— Work instruction —
What you copy should be the lines from the one with "LAVONS 除菌去漬洗衣精 補充包 氣泡香檳 1500ml" through the end of the entries, word for word. Omit the pictures.

┄┄┄┄┄┄

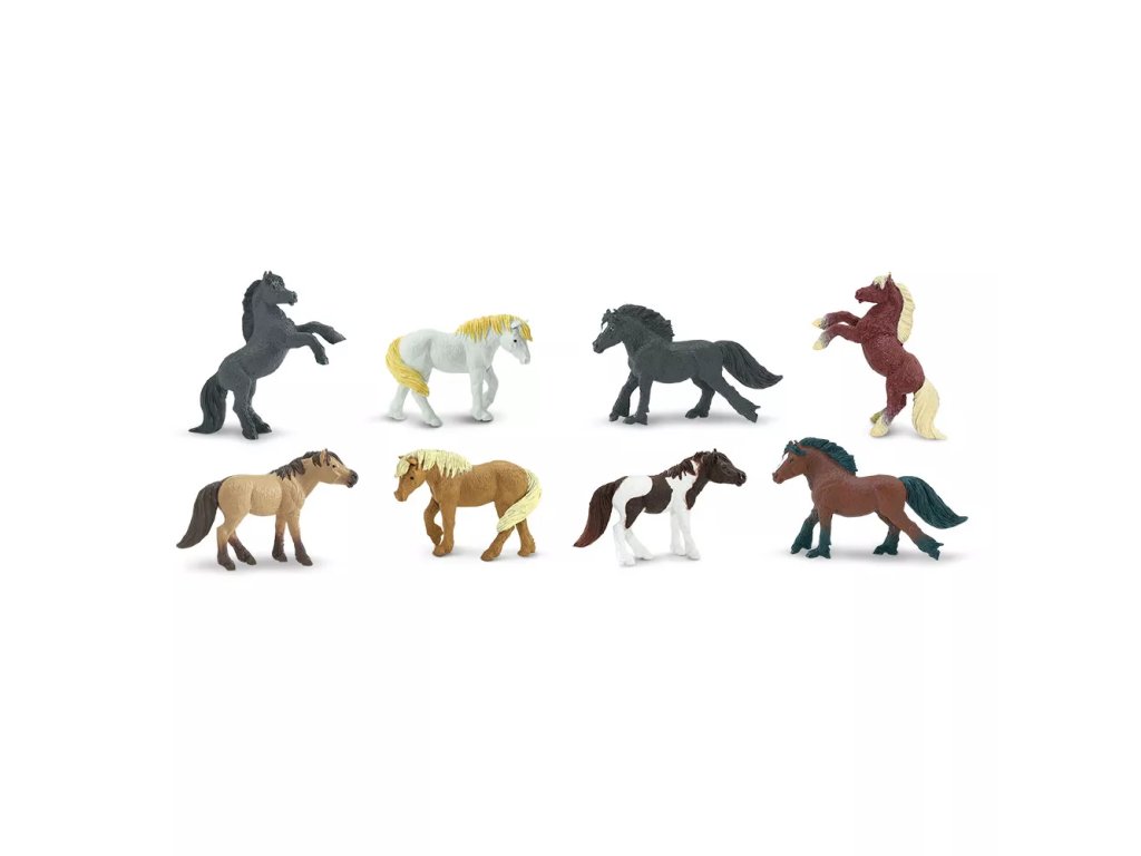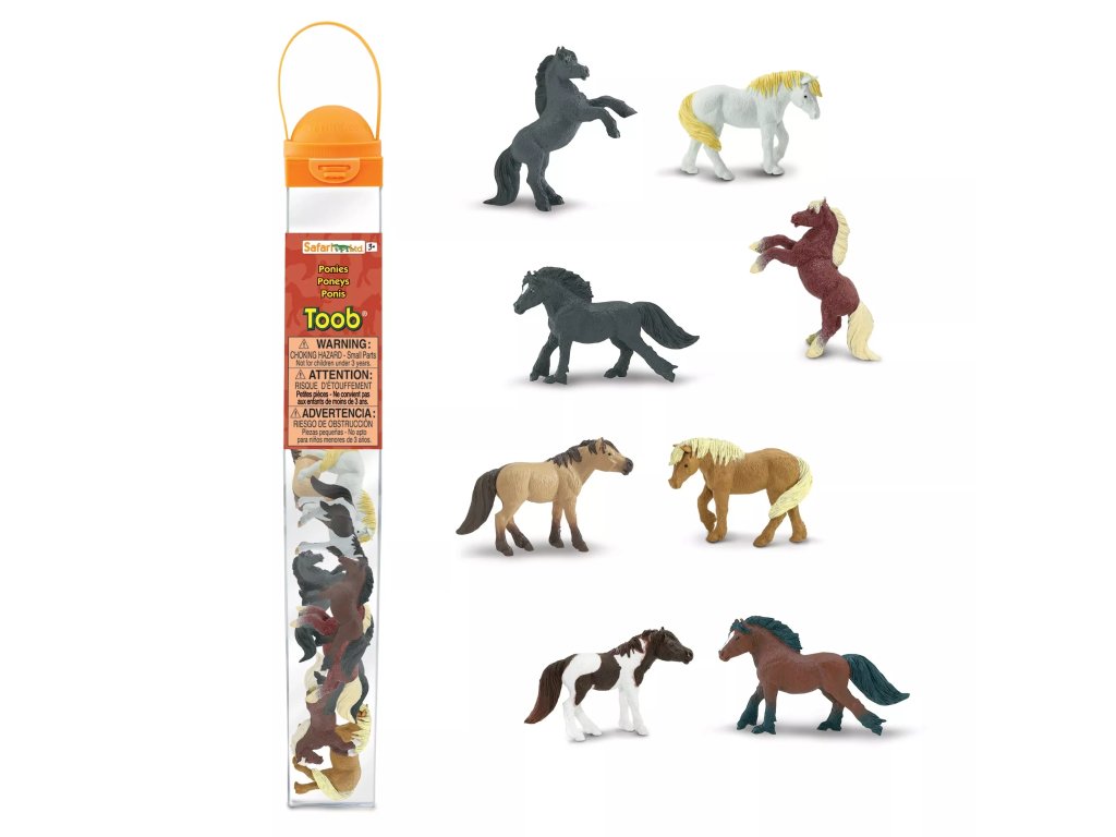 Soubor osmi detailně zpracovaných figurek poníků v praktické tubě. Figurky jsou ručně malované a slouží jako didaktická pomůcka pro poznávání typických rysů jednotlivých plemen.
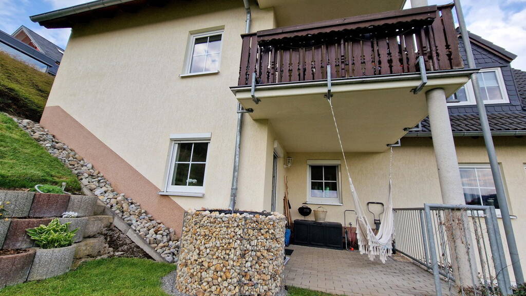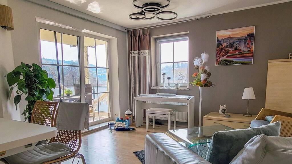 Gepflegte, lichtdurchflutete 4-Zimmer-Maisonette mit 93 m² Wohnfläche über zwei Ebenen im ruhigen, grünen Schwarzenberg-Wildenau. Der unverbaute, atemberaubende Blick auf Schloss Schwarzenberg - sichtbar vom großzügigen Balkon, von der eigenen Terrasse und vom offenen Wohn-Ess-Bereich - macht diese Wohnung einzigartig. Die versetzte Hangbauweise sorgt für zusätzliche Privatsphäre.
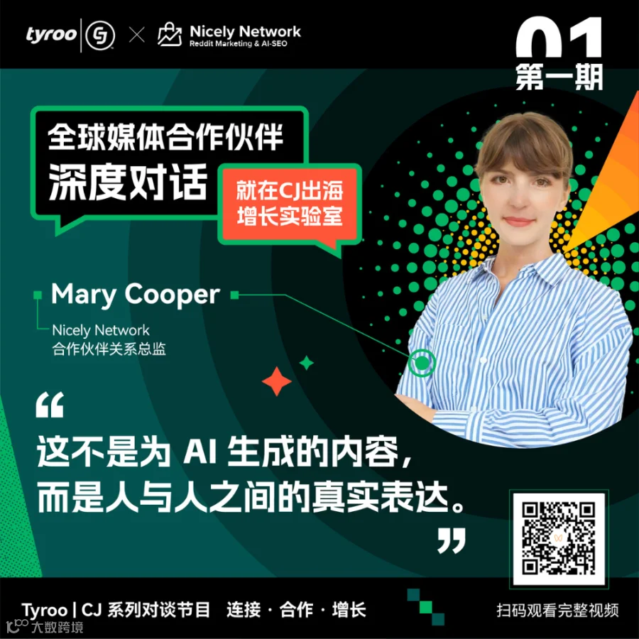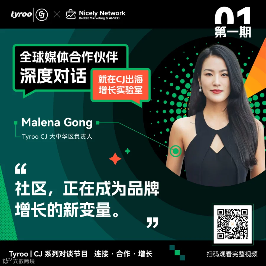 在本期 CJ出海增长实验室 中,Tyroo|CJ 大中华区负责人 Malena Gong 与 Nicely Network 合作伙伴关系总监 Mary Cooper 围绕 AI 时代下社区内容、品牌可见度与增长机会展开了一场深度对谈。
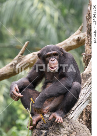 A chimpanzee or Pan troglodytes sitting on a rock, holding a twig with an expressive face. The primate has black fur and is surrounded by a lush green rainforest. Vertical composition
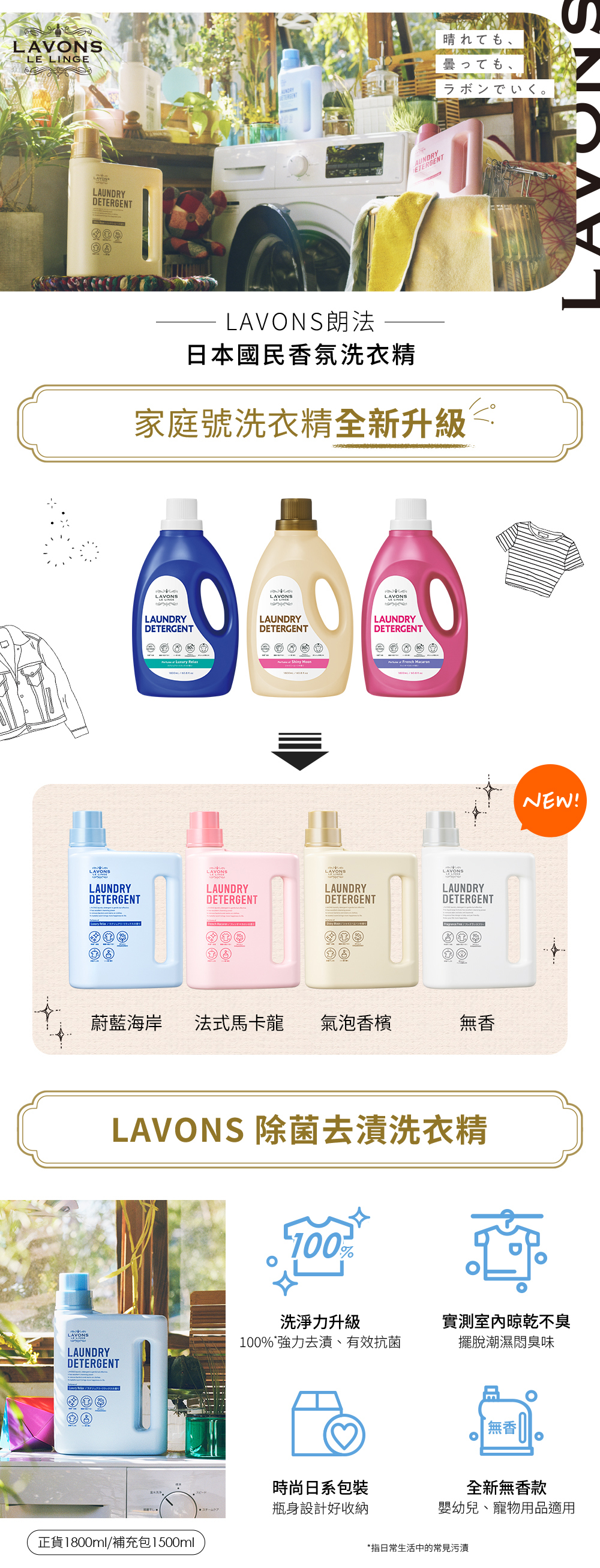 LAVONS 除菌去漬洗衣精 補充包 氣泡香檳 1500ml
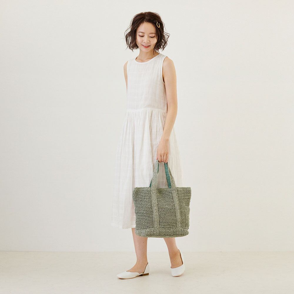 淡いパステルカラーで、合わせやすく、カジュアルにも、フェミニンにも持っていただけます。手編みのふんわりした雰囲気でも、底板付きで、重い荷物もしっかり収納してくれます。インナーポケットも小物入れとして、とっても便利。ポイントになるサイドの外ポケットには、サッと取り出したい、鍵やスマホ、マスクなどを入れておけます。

┄┄┄┄┄┄

— Solution to this task —
 LAVONS 除菌去漬洗衣精 補充包 氣泡香檳 1500ml
 淡いパステルカラーで、合わせやすく、カジュアルにも、フェミニンにも持っていただけます。手編みのふんわりした雰囲気でも、底板付きで、重い荷物もしっかり収納してくれます。インナーポケットも小物入れとして、とっても便利。ポイントになるサイドの外ポケットには、サッと取り出したい、鍵やスマホ、マスクなどを入れておけます。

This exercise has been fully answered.